Study material section start
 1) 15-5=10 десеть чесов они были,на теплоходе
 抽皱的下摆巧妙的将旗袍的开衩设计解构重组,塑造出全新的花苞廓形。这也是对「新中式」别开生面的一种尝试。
Study material section end
Study material section start
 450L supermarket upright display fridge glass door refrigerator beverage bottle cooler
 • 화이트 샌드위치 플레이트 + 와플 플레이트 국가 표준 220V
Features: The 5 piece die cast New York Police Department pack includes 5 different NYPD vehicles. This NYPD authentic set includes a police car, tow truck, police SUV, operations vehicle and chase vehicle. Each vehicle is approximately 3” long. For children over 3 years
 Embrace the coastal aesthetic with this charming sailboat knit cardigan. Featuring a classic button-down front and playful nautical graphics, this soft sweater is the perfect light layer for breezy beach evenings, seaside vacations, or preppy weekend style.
Study material section end
What to do | Within the material above, copy exactly the lines from the line that holds "450L supermarket upright" up to and including the line that holds "Embrace the coastal".

Reply |
 450L supermarket upright display fridge glass door refrigerator beverage bottle cooler
 • 화이트 샌드위치 플레이트 + 와플 플레이트 국가 표준 220V
Features: The 5 piece die cast New York Police Department pack includes 5 different NYPD vehicles. This NYPD authentic set includes a police car, tow truck, police SUV, operations vehicle and chase vehicle. Each vehicle is approximately 3” long. For children over 3 years
 Embrace the coastal aesthetic with this charming sailboat knit cardigan. Featuring a classic button-down front and playful nautical graphics, this soft sweater is the perfect light layer for breezy beach evenings, seaside vacations, or preppy weekend style.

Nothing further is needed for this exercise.